The Agent Builder writes a YAML template. The fields below correspond to the sections above. The only required top-level fields are name, trigger, and stages. Everything else is optional.

Identity and Top-Level Fields

name: QualityMonitor      # Required. Shown in logs, dashboards, and alerts.
version: '1.0.0'          # Optional. Semantic version string.
description: |            # Optional. Shown in the Control Plane.
  Monitors production quality metrics and alerts on threshold violations.
role: Monitor             # Optional. Groups agents by function.
jobTitle: Quality Analyst # Optional. Shown in workforce views.

LLM Configuration

llm:
  provider: openrouter      # openrouter | anthropic | openai | ollama
  model: anthropic/claude-sonnet-4
  temperature: 0.2          # Lower = more predictable outputs.
  max_tokens: 1024          # Maximum output tokens per call.
  endpoint: https://...     # Optional.

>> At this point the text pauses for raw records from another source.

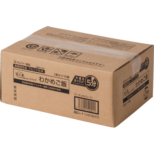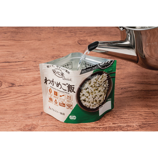 安心米クイックわかめご飯 10食セット 非常食 保存食 防災食 備蓄 食料 アルファ米 米 ご飯 わかめご飯 レトルト インスタント 簡単調理 非常食セット 米加工品 お米 5年保存 アレルギー対応 28品目不使用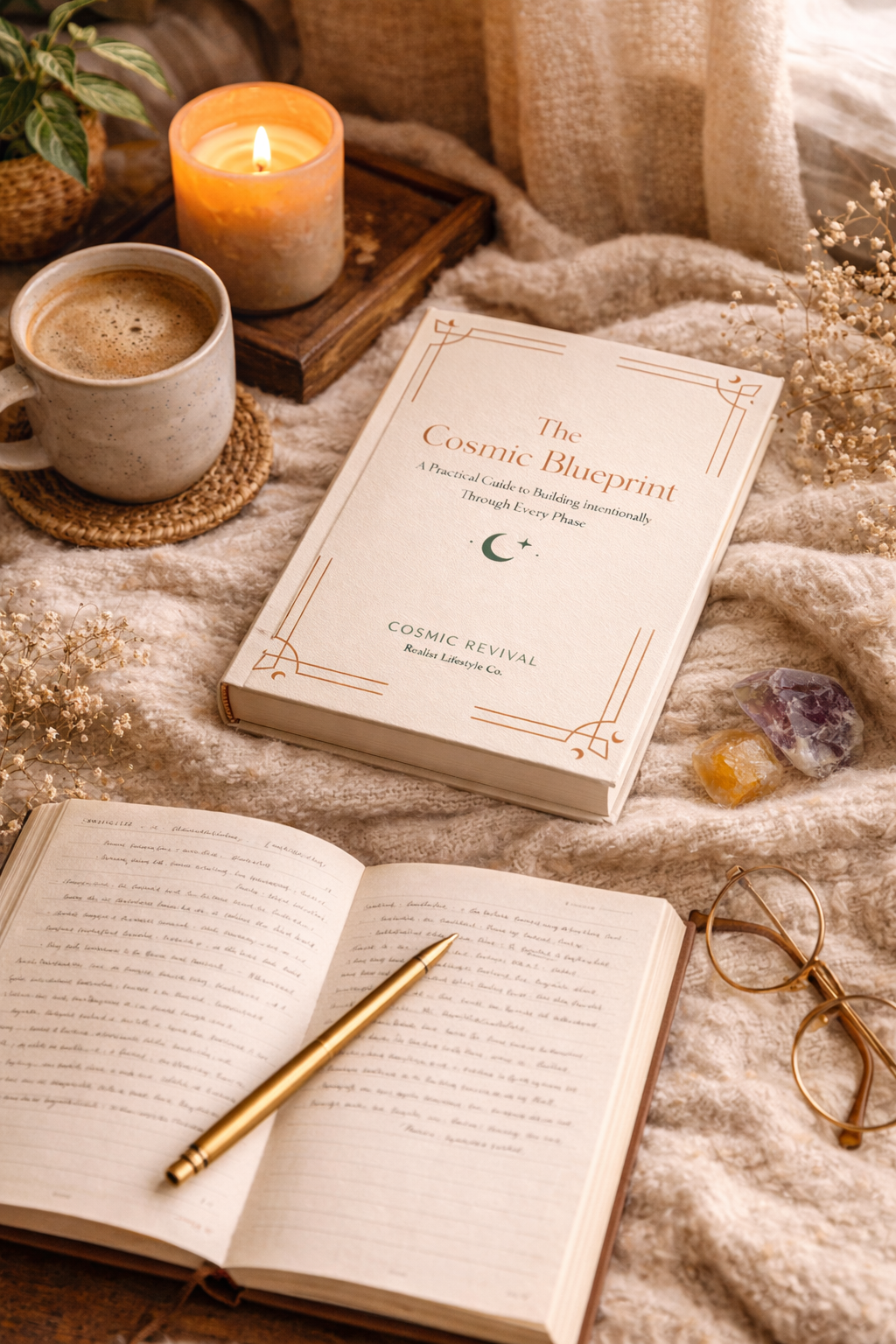 The Cosmic Blueprint is a practical guide to building intentionally through every phase of life.Inside, you’ll find reflection exercises, energy audits, standards resets, and a repeatable monthly planning system designed to help you move with awareness rather than urgency.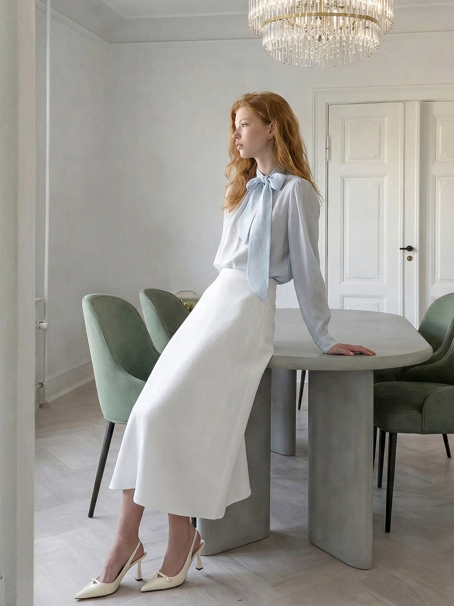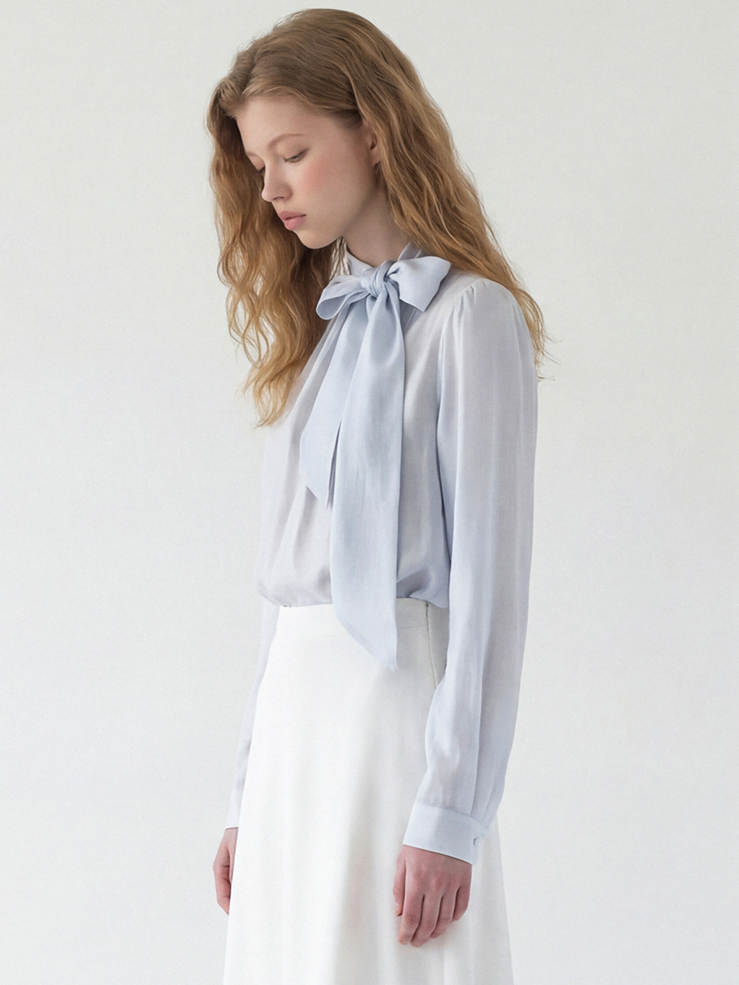 셔링 타이 블라우스_SKY BLUE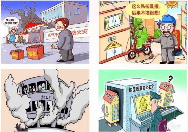 1、选址:选址不安全、未严格按照国家建筑规范建设,用水、用电、用火设置不规范
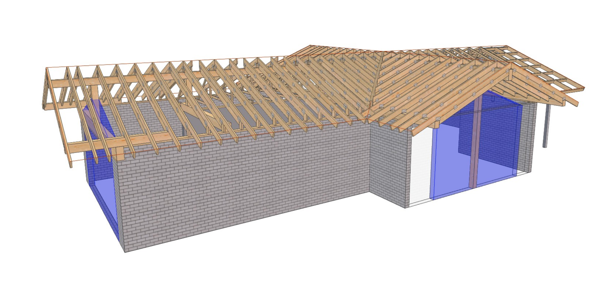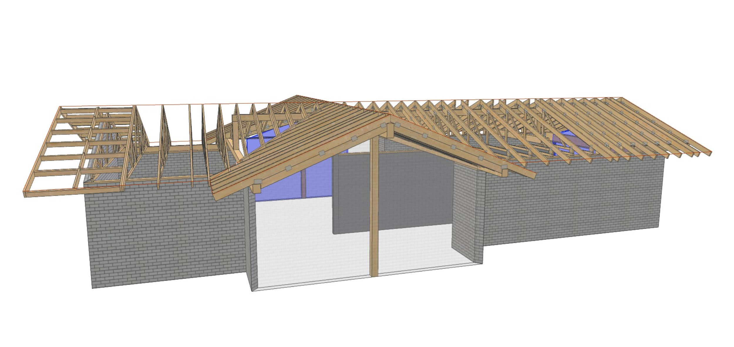 Kõik puit mis on pildil läheb paika ka. liimpuit. Müürivöö on paigaldatud. Lisaks fermidele, sarikatele ja liimpuidule tuleb paigaldada distants, hingav aluskate ja roovitus45x45. Katusepind ca 270m2

Override the provider's default endpoint.

# Or omit the model entirely for a fully deterministic agent:
llm: null

Audit Trail

audit:
  enabled: true
  algorithm: sha256         # sha256 | sha3-256 | blake2b-256
  anchor:
    enabled: true           # Periodic chain snapshots
    intervalCycles: 100     # Cycles between anchor points
  storage:
    type: postgres          # memory | file | postgres
    options:
      connectionString: ${AUDIT_DB_URL}  # Required for the postgres type

Termination

termination:
  maxCycles: 100            # Stop after 100 cycles
  maxErrors: 5              # Stop after 5 errors
  maxDurationMs: 86400000   # Stop after 24 hours
  condition: '...'          # Stop when this expression is true

For the connection, trigger, stage, and autonomy blocks, see the dedicated pages: Set Up Connections, Set a Trigger to Run an Agent Cycle, Sense Data, Reason on Data, Act on Data, Reflect on Agent Execution, and Set Human Oversight.